Queste malattie hanno nomi difficili da pronunciare. Possono attaccare sia la sfera cognitiva, sia gli organi interni, compromettere la crescita o rendere complicata la vita da adulti. Perché c’è ancora tanto da scoprire?

«Vede, sono oltre 6 mila le malattie genetiche definite rare, ne esistono molte altre che ancora aspettano di avere un nome. Eppure i malati sono relativamente trascurati dalla medicina tradizionale. Tre bambini su dieci muoiono prima di compiere i 5 anni, e noi a questo ci dedichiamo: indagare le basi genetiche e trovare il modo di salvare vite umane. La malattia genetica rara ha alla base spesso un difetto in un singolo gene, una pagina tra le migliaia che compongono questo libro della vita. Tra le informazioni che ci portiamo dietro dalla nascita si può celare un piccolo errore in una singola pagina, spesso sufficiente a creare devastanti problemi in un individuo».

 

Le soluzioni che avete trovato, e altre che state perfezionando, sono risolutive?

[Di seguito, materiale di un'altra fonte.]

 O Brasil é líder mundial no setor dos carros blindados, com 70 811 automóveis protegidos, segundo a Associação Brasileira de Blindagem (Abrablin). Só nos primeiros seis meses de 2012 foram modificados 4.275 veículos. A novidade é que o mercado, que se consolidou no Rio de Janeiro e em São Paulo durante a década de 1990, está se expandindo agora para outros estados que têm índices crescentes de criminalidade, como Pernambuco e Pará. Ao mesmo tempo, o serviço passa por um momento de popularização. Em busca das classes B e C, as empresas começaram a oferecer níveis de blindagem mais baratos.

«Le tecnologie che abbiamo sviluppato in questi anni ci permettono di contrastare, e in certi casi di correggere gli errori in quelle pagine cui accennavo prima. I benefici sono duraturi, a volte è possibile prevenire lo sviluppo della malattia, fermarla prima ancora dell’insorgenza dei sintomi, evitare che produca danni, ma dobbiamo essere cauti».

 

Perché ci vuole prudenza?

«Perché le innovazioni di cui parliamo (ad esempio editing del genoma, taglia e cuci del Dna, ndr) rendono disponibili oggi soluzioni per un numero limitato di malattie genetiche rare. Abbiamo ottenuto successi importanti, ma per molte altre situazioni non abbiamo ancora strumenti o strategie adeguate per intervenire. Ritengo doveroso auspicare che i risultati non rimangano confinati alle poche malattie che abbiamo iniziato a trattare. Partendo dai successi, proseguendo sulla stessa strada, intendiamo replicare quegli approcci che hanno funzionato sulle altre malattie simili, sviluppando in modo affidabile e sicuro terapie che richiedono investimenti importanti».

 

Le risorse insufficienti sono un limite oggettivo?

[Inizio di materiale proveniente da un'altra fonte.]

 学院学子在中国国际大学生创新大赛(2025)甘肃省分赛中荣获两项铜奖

«La ricerca di base, o quella che per esempio Telethon ci finanzia, non può coprire tutto. Serve un intervento pubblico che sostenga gli sforzi, e che aiuti a tradurre in terapie concrete le soluzioni per malattie orfane di trattamento che abbiamo messo a punto. Talvolta l’interesse dell’industria farmaceutica viene a mancare perché i pazienti che ne andranno a beneficiare sono pochi, eppure questa minoranza di persone ha la stessa dignità e lo stesso diritto a ricevere attenzione, come tutti gli altri».

 

Grazie alla comprensione dei meccanismi genetici, la ricerca ha fatto compiere passi avanti nel trattamento di tumori, diabete, infezioni, cardiopatie.

«I progressi della terapia genica si riflettono anche in malattie più comuni, e in quelle per le quali le cure attuali falliscono. Si sono visti per esempio nel cancro, in ematologia, con le Car-T, i prodigi della medicina personalizzata che esalta le difese immunitarie. Le tecnologie mRna, farmaci che codificano proteine, hanno permesso di fabbricare vaccini contro il Covid. Impieghiamo virus modificati per trasportare nuove informazioni genetiche nelle cellule. Più recentemente abbiamo imparato a correggere le proprietà delle cellule malate riscrivendone il Dna dove ci sono degli errori. Gli interventi per trattare tutte queste malattie si fanno sempre più precisi e raffinati, dobbiamo però muoverci con cautela e senso di responsabilità, intervenendo laddove c’è un rapporto rischio beneficio adeguato, condiviso con il resto della società».

 

Note biografiche

Luigi Naldini, professore ordinario presso l’Università Vita-Salute, dirige dal 2008 l’Istituto San Raffaele Telethon per la terapia genica (SR-Tiget) di Milano. A lui si deve, tra l’altro, lo sviluppo dei primi vettori lentivirali impiegati con successo nella leucodistrofia metacromatica (malattia neurodegenerativa), e per correggere la sintomatologia nella sindrome di Wiskott Aldrich, grave immunodeficienza.